Monsanto already has done modeling work showing that the opportunity for reducing greenhouse-gas emissions across the Corn Belt is on the order of 100 million metric tons. That would translate into a significant reduction in the agricultural carbon footprint.
USDA calculates that farms now sequester or prevent the emission of about 60 million tons of carbon annually. The Obama administration wants to double U.S. agriculture's sequestration or emission reductions to 120 million tons saved annually over the next decade.
Henson said Monsanto executives are hopeful they will establish and a system that other agribusinesses will embrace and use through their supply chains to leverage the potential scale of reduced emissions that can come from agriculture.
Fertilizer reduction or optimization is one of the main ways food companies and others seek to reduce the greenhouse-gas footprints of their supply chains. Nitrous oxide emissions, which come from nitrogen fertilizers, have 300 times the greenhouse-gas potency of a ton of carbon. So any large-scale reduction in nitrogen fertilizer has a significant benefit in lowering emissions.
As a supplier to farmers, Monsanto has a different relationship than grain or food companies that can push down the supply chain to reduce emissions. Henson said that requires Monsanto to take a different approach with its customers. Still, Henson noted that one of the key areas to target for farmers is managing fertilizer usage on crops.
"We have worked with Walmart, who is using their muscle and their market power to put a lot of pressure on their supply chain to reduce greenhouse-gas emissions, primarily through fertilizer use and optimization of fertilizer, which is one the practices that contributes to the reduced footprint we're going after," Henson said.
Henson also suggested Monsanto would be looking beyond the U.S. to other major hot spots in Asia and South America.
"We hope to be able to influence agriculture more broadly than just the Corn Belt, but clearly that's where we have the biggest influence and the biggest opportunity in the short term," Henson said.
Farmers and those who work as crop consultants or grain dealers who work closely with farmers are just starting to learn about some of the increased demands in the supply chain. They may also believe these efforts to reduce agriculture's environmental footprint will only negatively affect the ability to grow more food in the future. Henson said, however, that generally environmental and financial incentives end up aligning.
"An operation that is more environmentally benign generally ends up being more profitable as well because inputs are used more efficiently, practices are better attended and there is just better performance all around," Henson said.
Monsanto highlighted that more farmers are already embracing soil-health concepts, investing in precision tools for inputs and changing crop rotations to grow cover crops. "What we're trying to do is just motivate more farmers to adopt practices that some progressive farmers have already found to be very helpful, not only in the short term, but in the long term in building the value of their soils," Henson said.
Henson also pointed out that the same farm practices that reduce greenhouse-gas emissions and sequester carbon also provide other societal benefits, notably improvements in water quality.
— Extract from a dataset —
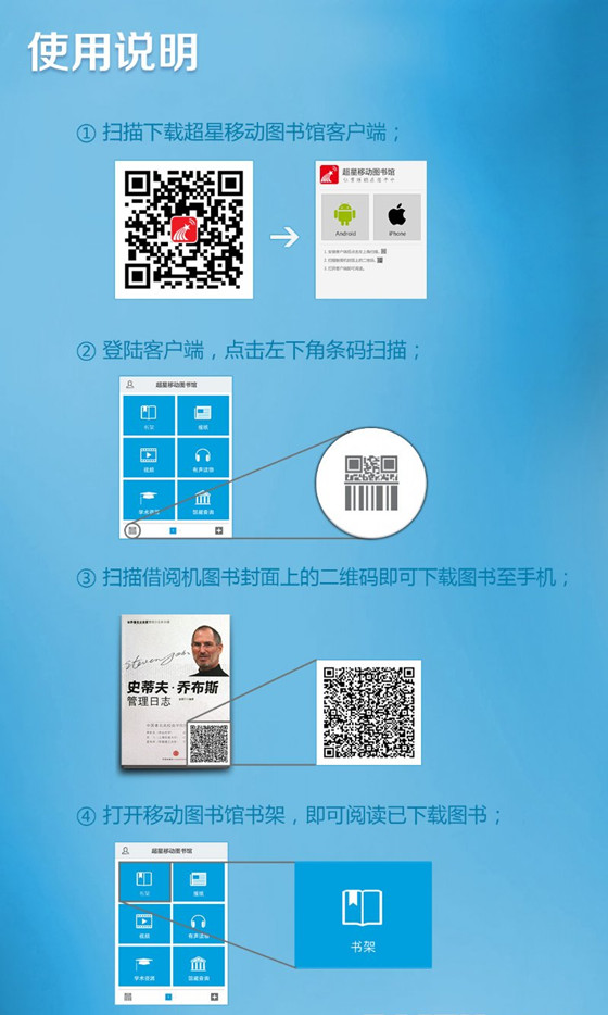 电子书借阅机预装了 3000 种独家授权的正版图书,内容涵盖精品推荐、经典名著、生活保健、经管理财、成功励志、小说传记、政史军事、文学艺术、科学技术、社会法律、哲学宗教、亲子育儿等,图书与出版社纸书同步发行,每月更新 150 种电子图书。电子书借阅机通过多点触控进行操作,支持滑动、拖动等手势。读者只要用手指轻轻地触碰显示屏上的图片就能实现对主机的操作,读者扫描二维码下载并安装超星移动图书馆客户端后,只需在电子书借阅机屏幕上选择心仪图书 , 扫描图书封面二维码,便可将该书下载至手机,免费体验高清电子阅读。(温馨提示:此应用大小约 20M ,为节省手机流量,读者可自行在应用市场搜索“超星移动图书馆” APP ,使用 WIFI 进行下载)。

Henson had earlier worked in areas dealing with farm nutrients and water runoff.
"It's that synergy around these different environmental outcomes that I find really, really powerful and really encouraging," he said. "So whether farmers are motivated about doing something on climate change, or not, there are a lot of other benefits that come from this program that I think can appeal to a lot of farmers. I'm hopeful that might get more uptake than we would have gotten attacking this thing piecemeal."